*Your goal*. Start at the line below containing "MELAdem® 40 установленный" and stop at the line containing "Obwohl es in". Repeat every line of that stretch exactly, and nothing outside it.

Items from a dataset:
==================================================

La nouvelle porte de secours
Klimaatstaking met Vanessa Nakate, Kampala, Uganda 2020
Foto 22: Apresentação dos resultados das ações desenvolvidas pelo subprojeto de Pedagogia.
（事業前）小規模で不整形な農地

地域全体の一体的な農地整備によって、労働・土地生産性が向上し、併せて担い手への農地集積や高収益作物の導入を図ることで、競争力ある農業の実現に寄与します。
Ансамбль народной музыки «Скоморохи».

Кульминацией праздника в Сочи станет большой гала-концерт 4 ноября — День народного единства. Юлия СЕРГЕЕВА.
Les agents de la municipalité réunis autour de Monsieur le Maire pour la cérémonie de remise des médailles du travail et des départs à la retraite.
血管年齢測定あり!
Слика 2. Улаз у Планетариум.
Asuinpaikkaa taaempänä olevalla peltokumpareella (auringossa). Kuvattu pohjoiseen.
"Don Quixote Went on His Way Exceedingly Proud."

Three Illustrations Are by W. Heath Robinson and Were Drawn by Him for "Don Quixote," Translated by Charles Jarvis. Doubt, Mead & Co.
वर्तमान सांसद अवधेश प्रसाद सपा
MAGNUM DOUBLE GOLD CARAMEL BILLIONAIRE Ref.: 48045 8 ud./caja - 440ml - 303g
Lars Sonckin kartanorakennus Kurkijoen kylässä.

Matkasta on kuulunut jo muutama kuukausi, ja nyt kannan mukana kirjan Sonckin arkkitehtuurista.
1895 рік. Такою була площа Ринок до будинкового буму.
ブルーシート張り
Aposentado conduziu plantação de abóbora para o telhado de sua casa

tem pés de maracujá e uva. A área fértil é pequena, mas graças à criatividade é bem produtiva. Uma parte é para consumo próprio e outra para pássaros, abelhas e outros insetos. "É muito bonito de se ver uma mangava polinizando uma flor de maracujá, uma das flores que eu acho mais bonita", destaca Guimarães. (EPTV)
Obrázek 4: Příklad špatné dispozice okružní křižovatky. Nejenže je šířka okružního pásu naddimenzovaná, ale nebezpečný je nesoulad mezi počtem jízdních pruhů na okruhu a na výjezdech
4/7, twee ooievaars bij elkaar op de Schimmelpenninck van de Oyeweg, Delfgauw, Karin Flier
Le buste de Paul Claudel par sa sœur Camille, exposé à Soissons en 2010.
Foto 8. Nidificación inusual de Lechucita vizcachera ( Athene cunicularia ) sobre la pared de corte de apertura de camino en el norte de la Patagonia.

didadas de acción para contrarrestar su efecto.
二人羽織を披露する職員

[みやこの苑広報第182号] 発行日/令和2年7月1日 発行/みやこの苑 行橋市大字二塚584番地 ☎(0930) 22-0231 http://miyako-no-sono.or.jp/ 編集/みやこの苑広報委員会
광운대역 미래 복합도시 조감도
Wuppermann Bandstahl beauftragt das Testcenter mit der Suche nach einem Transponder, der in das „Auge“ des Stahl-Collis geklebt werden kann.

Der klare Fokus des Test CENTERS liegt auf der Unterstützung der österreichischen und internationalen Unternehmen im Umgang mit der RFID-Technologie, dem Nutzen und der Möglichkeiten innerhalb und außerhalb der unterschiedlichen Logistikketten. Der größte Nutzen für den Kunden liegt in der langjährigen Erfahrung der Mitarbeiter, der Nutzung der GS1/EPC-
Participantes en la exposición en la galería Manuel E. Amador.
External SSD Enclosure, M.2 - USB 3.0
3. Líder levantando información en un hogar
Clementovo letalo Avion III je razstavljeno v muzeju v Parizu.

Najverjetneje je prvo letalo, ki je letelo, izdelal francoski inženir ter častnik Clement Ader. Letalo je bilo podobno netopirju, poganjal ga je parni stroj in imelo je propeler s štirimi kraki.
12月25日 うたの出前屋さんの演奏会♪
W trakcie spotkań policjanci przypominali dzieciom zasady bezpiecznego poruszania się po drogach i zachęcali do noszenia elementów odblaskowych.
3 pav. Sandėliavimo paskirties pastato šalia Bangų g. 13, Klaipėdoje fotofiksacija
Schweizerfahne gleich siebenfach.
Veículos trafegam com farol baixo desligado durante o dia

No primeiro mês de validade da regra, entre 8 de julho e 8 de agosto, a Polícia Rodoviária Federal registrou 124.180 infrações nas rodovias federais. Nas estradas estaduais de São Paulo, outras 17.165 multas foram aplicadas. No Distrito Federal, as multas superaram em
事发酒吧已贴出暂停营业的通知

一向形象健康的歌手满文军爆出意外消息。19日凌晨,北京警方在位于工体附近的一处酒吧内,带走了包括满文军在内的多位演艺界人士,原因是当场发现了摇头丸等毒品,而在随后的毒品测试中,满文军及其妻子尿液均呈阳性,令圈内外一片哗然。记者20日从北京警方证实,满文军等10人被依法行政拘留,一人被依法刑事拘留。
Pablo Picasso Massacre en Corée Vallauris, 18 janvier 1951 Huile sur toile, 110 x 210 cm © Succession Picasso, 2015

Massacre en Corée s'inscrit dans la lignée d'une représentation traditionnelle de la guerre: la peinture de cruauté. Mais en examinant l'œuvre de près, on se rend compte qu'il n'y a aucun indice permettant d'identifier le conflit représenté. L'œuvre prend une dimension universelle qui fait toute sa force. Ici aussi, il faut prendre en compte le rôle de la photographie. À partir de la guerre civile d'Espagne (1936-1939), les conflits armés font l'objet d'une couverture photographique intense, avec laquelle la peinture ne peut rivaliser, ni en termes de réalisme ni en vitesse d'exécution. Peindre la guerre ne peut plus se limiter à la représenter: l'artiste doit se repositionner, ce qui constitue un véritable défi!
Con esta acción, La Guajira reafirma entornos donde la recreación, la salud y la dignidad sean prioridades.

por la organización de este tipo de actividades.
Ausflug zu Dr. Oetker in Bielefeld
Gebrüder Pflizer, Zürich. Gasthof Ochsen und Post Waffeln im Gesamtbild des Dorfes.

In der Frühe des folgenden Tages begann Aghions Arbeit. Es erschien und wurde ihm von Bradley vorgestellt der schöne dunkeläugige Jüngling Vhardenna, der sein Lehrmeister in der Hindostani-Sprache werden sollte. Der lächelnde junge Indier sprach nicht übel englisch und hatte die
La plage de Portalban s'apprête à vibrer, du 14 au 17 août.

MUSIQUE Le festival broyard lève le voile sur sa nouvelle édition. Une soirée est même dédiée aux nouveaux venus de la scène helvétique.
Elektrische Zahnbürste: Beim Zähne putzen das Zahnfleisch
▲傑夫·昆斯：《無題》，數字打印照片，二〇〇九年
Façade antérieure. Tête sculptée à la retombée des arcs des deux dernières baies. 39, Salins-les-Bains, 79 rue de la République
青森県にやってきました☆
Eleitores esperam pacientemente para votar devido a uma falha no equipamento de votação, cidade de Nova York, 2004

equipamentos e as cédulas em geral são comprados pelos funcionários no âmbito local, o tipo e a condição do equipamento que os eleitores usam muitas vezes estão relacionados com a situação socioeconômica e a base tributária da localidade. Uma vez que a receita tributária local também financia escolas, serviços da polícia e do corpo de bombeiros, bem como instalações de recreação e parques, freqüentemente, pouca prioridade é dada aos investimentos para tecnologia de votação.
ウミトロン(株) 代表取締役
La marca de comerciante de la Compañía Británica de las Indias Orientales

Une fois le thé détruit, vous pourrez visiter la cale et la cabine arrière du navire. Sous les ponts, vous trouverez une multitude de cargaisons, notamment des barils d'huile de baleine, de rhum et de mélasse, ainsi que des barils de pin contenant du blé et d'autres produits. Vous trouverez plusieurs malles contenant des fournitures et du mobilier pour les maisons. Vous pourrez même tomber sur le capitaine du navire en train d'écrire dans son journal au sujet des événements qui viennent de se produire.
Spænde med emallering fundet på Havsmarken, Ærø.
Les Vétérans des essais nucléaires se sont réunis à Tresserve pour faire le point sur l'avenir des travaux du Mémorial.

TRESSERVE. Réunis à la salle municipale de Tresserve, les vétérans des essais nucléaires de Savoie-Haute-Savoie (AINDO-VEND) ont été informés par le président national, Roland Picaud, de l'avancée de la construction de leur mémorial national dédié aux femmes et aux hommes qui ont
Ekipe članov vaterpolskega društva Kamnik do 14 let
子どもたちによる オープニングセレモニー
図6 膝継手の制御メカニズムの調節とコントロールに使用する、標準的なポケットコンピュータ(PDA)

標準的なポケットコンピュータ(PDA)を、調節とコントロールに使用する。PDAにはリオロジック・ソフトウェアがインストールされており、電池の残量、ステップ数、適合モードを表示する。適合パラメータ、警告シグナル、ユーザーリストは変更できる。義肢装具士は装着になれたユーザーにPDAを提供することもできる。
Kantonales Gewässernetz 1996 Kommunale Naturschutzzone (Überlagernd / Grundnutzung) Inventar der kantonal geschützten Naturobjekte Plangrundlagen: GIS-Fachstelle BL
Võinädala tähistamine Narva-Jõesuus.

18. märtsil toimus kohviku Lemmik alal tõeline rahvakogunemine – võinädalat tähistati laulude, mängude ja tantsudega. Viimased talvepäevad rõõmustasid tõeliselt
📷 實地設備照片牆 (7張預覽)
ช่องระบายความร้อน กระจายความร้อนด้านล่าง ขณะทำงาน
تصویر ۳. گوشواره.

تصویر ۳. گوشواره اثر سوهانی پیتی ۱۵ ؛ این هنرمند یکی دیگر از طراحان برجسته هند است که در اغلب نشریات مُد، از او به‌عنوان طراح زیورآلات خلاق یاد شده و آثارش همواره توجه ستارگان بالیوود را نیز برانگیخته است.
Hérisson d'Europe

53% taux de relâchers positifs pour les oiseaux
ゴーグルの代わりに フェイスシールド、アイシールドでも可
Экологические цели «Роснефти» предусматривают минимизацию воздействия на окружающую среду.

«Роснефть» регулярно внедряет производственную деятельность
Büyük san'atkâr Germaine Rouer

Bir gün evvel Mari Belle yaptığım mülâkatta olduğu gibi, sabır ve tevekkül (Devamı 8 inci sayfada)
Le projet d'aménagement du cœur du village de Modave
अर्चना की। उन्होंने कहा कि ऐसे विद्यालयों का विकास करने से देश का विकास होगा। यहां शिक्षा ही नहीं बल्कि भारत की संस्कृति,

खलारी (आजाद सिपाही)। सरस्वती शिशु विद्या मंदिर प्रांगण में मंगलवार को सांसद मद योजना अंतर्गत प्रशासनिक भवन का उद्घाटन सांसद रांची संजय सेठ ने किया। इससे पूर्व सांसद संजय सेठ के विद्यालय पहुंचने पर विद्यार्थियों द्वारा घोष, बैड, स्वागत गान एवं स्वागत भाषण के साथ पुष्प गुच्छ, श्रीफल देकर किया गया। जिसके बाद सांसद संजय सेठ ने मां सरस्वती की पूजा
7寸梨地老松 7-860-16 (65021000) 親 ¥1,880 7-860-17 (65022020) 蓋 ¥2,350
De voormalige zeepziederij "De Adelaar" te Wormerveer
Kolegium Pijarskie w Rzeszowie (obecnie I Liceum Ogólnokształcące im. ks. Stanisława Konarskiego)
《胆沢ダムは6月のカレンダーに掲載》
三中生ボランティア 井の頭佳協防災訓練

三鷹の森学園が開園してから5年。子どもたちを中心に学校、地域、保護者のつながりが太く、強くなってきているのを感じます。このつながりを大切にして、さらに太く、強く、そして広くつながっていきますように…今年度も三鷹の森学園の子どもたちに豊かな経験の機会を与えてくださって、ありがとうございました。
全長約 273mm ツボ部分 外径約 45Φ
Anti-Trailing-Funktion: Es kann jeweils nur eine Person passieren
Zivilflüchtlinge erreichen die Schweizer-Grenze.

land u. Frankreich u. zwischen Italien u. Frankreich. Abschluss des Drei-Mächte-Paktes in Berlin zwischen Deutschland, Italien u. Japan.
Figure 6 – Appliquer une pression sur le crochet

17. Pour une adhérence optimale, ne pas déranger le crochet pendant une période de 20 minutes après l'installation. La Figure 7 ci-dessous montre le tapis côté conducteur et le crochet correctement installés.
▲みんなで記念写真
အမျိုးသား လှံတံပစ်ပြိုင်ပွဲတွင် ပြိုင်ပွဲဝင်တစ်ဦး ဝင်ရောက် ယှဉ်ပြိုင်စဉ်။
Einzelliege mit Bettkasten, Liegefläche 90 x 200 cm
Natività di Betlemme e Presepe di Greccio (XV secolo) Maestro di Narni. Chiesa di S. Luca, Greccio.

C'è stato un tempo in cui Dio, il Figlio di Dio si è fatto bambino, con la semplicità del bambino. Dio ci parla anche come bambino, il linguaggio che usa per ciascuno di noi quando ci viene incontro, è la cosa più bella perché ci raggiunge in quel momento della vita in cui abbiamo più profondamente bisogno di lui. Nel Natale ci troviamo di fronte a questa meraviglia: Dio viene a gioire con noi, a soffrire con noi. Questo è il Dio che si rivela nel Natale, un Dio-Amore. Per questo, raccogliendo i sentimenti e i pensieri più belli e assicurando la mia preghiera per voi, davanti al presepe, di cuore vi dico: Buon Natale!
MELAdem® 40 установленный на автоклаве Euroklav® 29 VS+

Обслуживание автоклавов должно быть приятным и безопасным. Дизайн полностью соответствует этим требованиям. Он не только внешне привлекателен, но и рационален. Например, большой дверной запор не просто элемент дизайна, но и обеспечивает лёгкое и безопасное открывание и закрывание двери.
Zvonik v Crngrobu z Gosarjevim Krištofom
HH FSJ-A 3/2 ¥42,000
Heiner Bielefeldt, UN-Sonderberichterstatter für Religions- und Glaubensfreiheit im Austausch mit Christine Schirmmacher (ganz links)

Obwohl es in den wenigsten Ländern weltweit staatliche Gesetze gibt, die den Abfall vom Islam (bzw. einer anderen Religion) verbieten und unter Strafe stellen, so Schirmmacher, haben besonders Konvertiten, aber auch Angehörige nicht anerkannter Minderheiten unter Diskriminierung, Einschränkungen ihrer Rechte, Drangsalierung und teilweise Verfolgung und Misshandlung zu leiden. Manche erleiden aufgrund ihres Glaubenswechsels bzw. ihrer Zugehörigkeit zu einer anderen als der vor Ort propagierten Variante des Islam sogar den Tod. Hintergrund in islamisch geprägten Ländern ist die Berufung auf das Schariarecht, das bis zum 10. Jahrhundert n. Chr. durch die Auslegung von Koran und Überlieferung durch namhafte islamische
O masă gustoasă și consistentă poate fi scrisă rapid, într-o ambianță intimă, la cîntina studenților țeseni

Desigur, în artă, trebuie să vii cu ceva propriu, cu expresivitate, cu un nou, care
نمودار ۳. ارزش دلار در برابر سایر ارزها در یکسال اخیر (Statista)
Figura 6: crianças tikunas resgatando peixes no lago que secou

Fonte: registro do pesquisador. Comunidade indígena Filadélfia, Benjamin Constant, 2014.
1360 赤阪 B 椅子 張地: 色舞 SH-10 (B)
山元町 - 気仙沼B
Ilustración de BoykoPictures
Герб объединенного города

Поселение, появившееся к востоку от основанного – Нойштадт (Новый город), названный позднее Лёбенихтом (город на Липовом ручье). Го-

==================================================

*Solved problem*.
MELAdem® 40 установленный на автоклаве Euroklav® 29 VS+

Обслуживание автоклавов должно быть приятным и безопасным. Дизайн полностью соответствует этим требованиям. Он не только внешне привлекателен, но и рационален. Например, большой дверной запор не просто элемент дизайна, но и обеспечивает лёгкое и безопасное открывание и закрывание двери.
Zvonik v Crngrobu z Gosarjevim Krištofom
HH FSJ-A 3/2 ¥42,000
Heiner Bielefeldt, UN-Sonderberichterstatter für Religions- und Glaubensfreiheit im Austausch mit Christine Schirmmacher (ganz links)

Obwohl es in den wenigsten Ländern weltweit staatliche Gesetze gibt, die den Abfall vom Islam (bzw. einer anderen Religion) verbieten und unter Strafe stellen, so Schirmmacher, haben besonders Konvertiten, aber auch Angehörige nicht anerkannter Minderheiten unter Diskriminierung, Einschränkungen ihrer Rechte, Drangsalierung und teilweise Verfolgung und Misshandlung zu leiden. Manche erleiden aufgrund ihres Glaubenswechsels bzw. ihrer Zugehörigkeit zu einer anderen als der vor Ort propagierten Variante des Islam sogar den Tod. Hintergrund in islamisch geprägten Ländern ist die Berufung auf das Schariarecht, das bis zum 10. Jahrhundert n. Chr. durch die Auslegung von Koran und Überlieferung durch namhafte islamische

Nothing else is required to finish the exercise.